• DATASET EXTRACT:
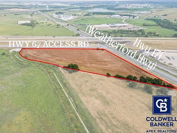 Prime commercial development land with approximately 7.4 acres located at southwest corner of US 67 access road and Highway 171 (Weatherford Highway). This property is just east of The Depot at Cleburne Station, which is home to the Cleburne Railroaders Ballpark Stadium. Approximately 793 feet frontage on US 67 access road and approximately 671 feet frontage on Highway 171 (Weatherford Highway). Agricultural Land exemption for tax purposes. City of Cleburne informs that 12” PVC Water line runs along Weatherford Hwy. (see supporting documents). This exceptional approximate 7.4 acres offers a rare opportunity for commercial development in a high visibility location. This property benefits from its proximity to a growing entertainment and commercial hub. The site is ideal for retail, office, hospitality, or mixed-use development, catering to both local residents and visitors drawn to the area’s recreational and cultural attractions. Zoned as Regional Commercial District with current AG tax exemptions, offering flexibility for future development plans.
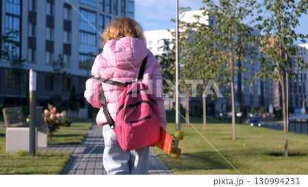 Rear view of teen girl walking toward school in the morning wearing a pink backpack and holding a vibrant skateboard enjoying a sunny day
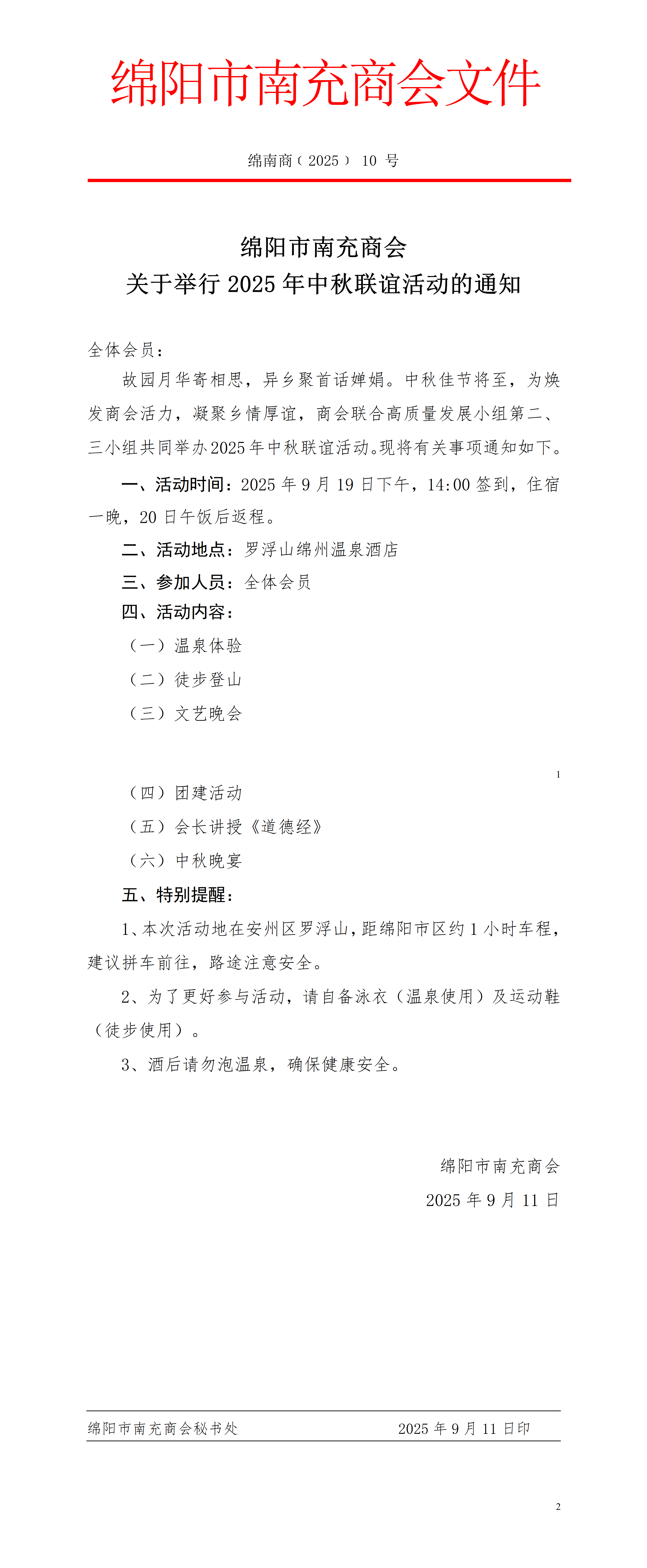 关于举行2025年中秋活动的通知
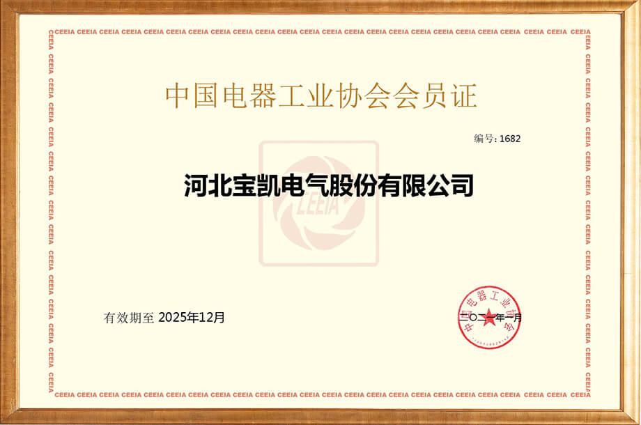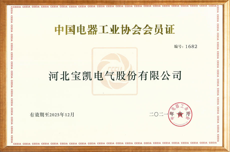 中國電器工業(yè)協(xié)會會員證2021年頒發(fā)

• GOAL OF THE EXERCISE:
The required response consists solely of the lines from the line containing "关于举行2025年中秋活动的通知" through the end of the listing, both ends included, copied exactly without pictures.

• RESPONSE TO THIS EXERCISE:
 关于举行2025年中秋活动的通知
 中國電器工業(yè)協(xié)會會員證2021年頒發(fā)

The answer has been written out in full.